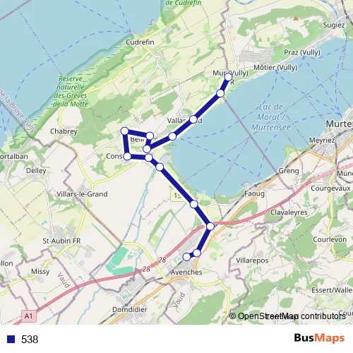 The first stop of the 538 bus route is Mur, village and the last stop is Avenches, gare. 538 is operational during täglich.
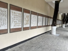 沿着故居外的诗词对联书法艺术碑廊前行,实践团成员们被一幅幅镌刻在大理石上的书法作品深深吸引。这些作品既有 “生的伟大,死的光荣” 等经典题词,也有 “为人民服务”“天下兴亡,匹夫有责” 等振聋发聩的名言警句,遒劲的笔力与厚重的历史底蕴交相辉映。队员们在品读中感悟革命先辈的理想信念与价值追求,深刻体会到红色精神在新时代的传承与延续。
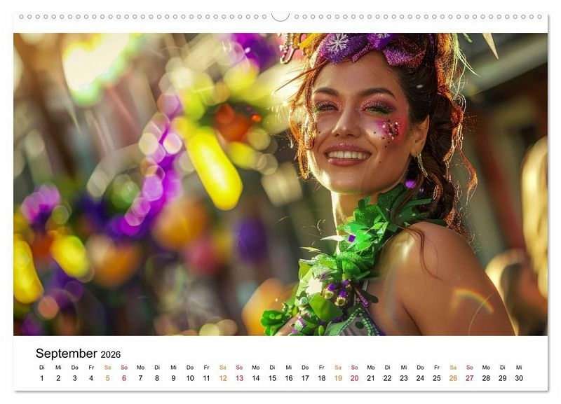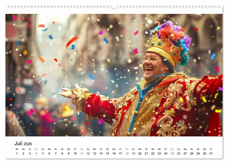 Begeben Sie sich auf eine Reise des Karneval-Feierns. Erleben Sie das ausgelassene Treiben des Mardi Gras in New Orleans, wo farbenfrohe Paraden und lebhafte Straßenfeste die Oberhand gewinnen. Spüren Sie die pulsierende Energie der mit Samba gefüllten Straßen von Rio de Janeiro. Betrachten Sie die traditionellen deutschen Festivitäten mit ausgelassenen Umzügen. Tauchen Sie ein in den venezianischen Karneval, in der kunstvolle Masken und prächtige Bälle Sie in Staunen versetzen. Der Fotokünstler Peter Roder hat beeindruckende KI-Bilder gestaltet. Ein außergewöhnlicher Kalender, der die Vielfalt des Karnevals präsentiert.

☆ ☆ ☆

Would you please transcribe the listing in full, exactly, while omitting the images?

ANSWER SECTION =>
 The first stop of the 538 bus route is Mur, village and the last stop is Avenches, gare. 538 is operational during täglich.
 沿着故居外的诗词对联书法艺术碑廊前行,实践团成员们被一幅幅镌刻在大理石上的书法作品深深吸引。这些作品既有 “生的伟大,死的光荣” 等经典题词,也有 “为人民服务”“天下兴亡,匹夫有责” 等振聋发聩的名言警句,遒劲的笔力与厚重的历史底蕴交相辉映。队员们在品读中感悟革命先辈的理想信念与价值追求,深刻体会到红色精神在新时代的传承与延续。
 Begeben Sie sich auf eine Reise des Karneval-Feierns. Erleben Sie das ausgelassene Treiben des Mardi Gras in New Orleans, wo farbenfrohe Paraden und lebhafte Straßenfeste die Oberhand gewinnen. Spüren Sie die pulsierende Energie der mit Samba gefüllten Straßen von Rio de Janeiro. Betrachten Sie die traditionellen deutschen Festivitäten mit ausgelassenen Umzügen. Tauchen Sie ein in den venezianischen Karneval, in der kunstvolle Masken und prächtige Bälle Sie in Staunen versetzen. Der Fotokünstler Peter Roder hat beeindruckende KI-Bilder gestaltet. Ein außergewöhnlicher Kalender, der die Vielfalt des Karnevals präsentiert.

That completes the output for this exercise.